Hangman DQN Model: Hangman DQN Baseline
A Deep Q-Network (DQN) model trained to play Hangman using a Dueling Q-Network architecture with Transformer encoder.
Model Description
This model uses a Dueling Q-Network architecture with:
- Transformer Encoder: 2 layers, 4 heads, 128 model dimension
- Dueling Architecture: Separate value and advantage streams
- Input Features: Word pattern, tried letters, word length, priors
- Output: Q-values for 26 possible letter choices
Performance
Current Model Performance
- Win Rate: 0.010
- Best Baseline: cand (0.870)
- Performance Gap: 0.860
Baseline Comparison
Strategy | Win Rate | Description |
---|---|---|
CAND | 0.866 | Candidate filtering (optimal) |
IGX | 0.127 | Information gain exact |
POS | 0.160 | Positional priors |
LEN | 0.112 | Length-based priors |
IG | 0.100 | Information gain |
Model Architecture
DuelingQNet(
d_model=128,
nhead=4,
nlayers=2,
ff_mult=4,
max_len=35,
dropout=0.1
)
Usage
import torch
from hangman.rl.models import DuelingQNet
# Load model
model = DuelingQNet(d_model=128, nhead=4, nlayers=2, ff_mult=4, max_len=35, dropout=0.1)
checkpoint = torch.load('bc_dueling_qnet.pt', map_location='cpu')
model.load_state_dict(checkpoint['model'])
# Use with hangman environment
# (See simulator_playground.py for complete usage)
Training Details
- Teacher Strategy: IGX (Information Gain Exact)

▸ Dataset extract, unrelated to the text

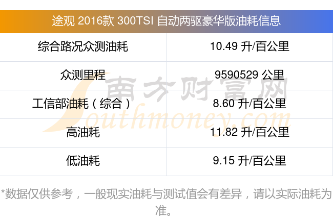 根據(jù)多位車主實(shí)測(cè)得出數(shù)據(jù),該車型低油耗為9.15升每百公里,高油耗為11.82升每百公里,綜合路況眾測(cè)油耗為10.49升每百公里,工信部綜合油耗為8.60升每百公里。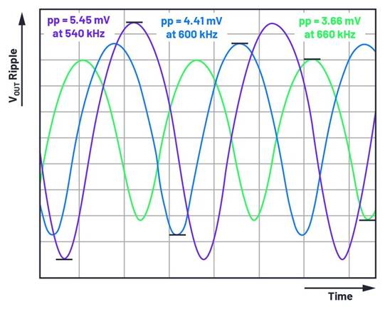 圖 3. 在開關(guān)模式穩(wěn)壓器 IC 中,開關(guān)頻率變化導(dǎo)致的輸出電壓紋波變化

- Training Method: Behavior Cloning
- Dataset: 227,300 words from training dictionary
- Word Lengths: 4-12 characters
- Max Tries: 6
Evaluation
The model is evaluated using the simulator_playground.py
script which provides:
- Performance comparison with heuristic baselines
- Individual game decision analysis
- Q-value pattern analysis
- Comprehensive reporting
Files
bc_dueling_qnet.pt
: PyTorch model checkpointsimulator_playground.py
: Evaluation and analysis tooltraining_monitor.py
: Training progress monitoringperformance_report.md
: Detailed performance analysis
Limitations
- Current Performance: Significantly underperforms optimal CAND strategy
- Training Data: Limited to 1,000 seeding episodes
- Teacher Strategy: Uses suboptimal IGX instead of CAND
- Architecture: May need enhancement for better performance
Future Improvements
- Retrain with CAND Teacher: Use 86.6% win rate CAND strategy as teacher
- Enhanced Architecture: Add candidate priors and better feature fusion
- More Training Data: Increase seeding episodes and success rate
- Curriculum Learning: Progressive difficulty training
Citation
@misc{hangman-dqn-hangman dqn baseline,
title={Hangman DQN: Deep Q-Network for Hangman Game},
author={Your Name},
year={2025},
publisher={Hugging Face},
howpublished={\url{https://huggingface.co/your-username/hangman dqn baseline}}
}
License
MIT License - see LICENSE file for details.